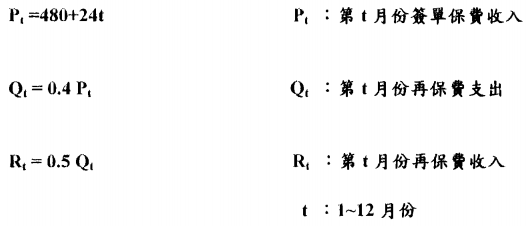 四、假殺A產險公句年度各月份汽車保險之相關保费資料如下列方程式所示,蜻 依二十四分法估算當年度未滿期保費準備金?(20分)
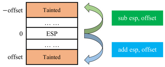 Demonstration of the adjustment of the ESP pointer by add esp,offset and sub esp,offset. The adjusted pointer needs to point to the tainted memory.
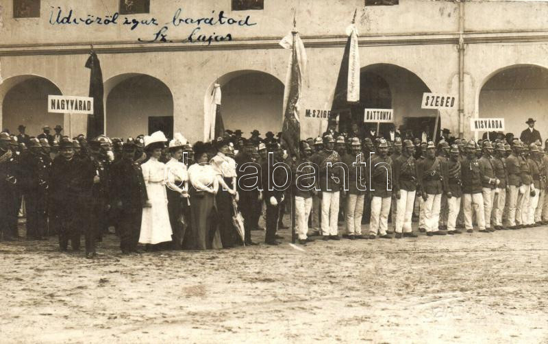 1908 Szatmárnémeti, Magyar tűzoltók találkozója / Hungarian firefighte... https://www.darabanth.com/de/25-Gross-Auktion/25.1/Postkarten-Topographie-Weltweit/Siebenburgen~9811/1908-Szatmarnemeti-Magyar-tuzoltok-talalkozoja-Hungarian-firefighters-meeting-Toth-photo~II1376210

TASK OBJECTIVE — Could you repeat each line above exactly as written? Omit the pictures.

EXPECTED ANSWER —
 四、假殺A產險公句年度各月份汽車保險之相關保费資料如下列方程式所示,蜻 依二十四分法估算當年度未滿期保費準備金?(20分)
 Demonstration of the adjustment of the ESP pointer by add esp,offset and sub esp,offset. The adjusted pointer needs to point to the tainted memory.
 1908 Szatmárnémeti, Magyar tűzoltók találkozója / Hungarian firefighte... https://www.darabanth.com/de/25-Gross-Auktion/25.1/Postkarten-Topographie-Weltweit/Siebenburgen~9811/1908-Szatmarnemeti-Magyar-tuzoltok-talalkozoja-Hungarian-firefighters-meeting-Toth-photo~II1376210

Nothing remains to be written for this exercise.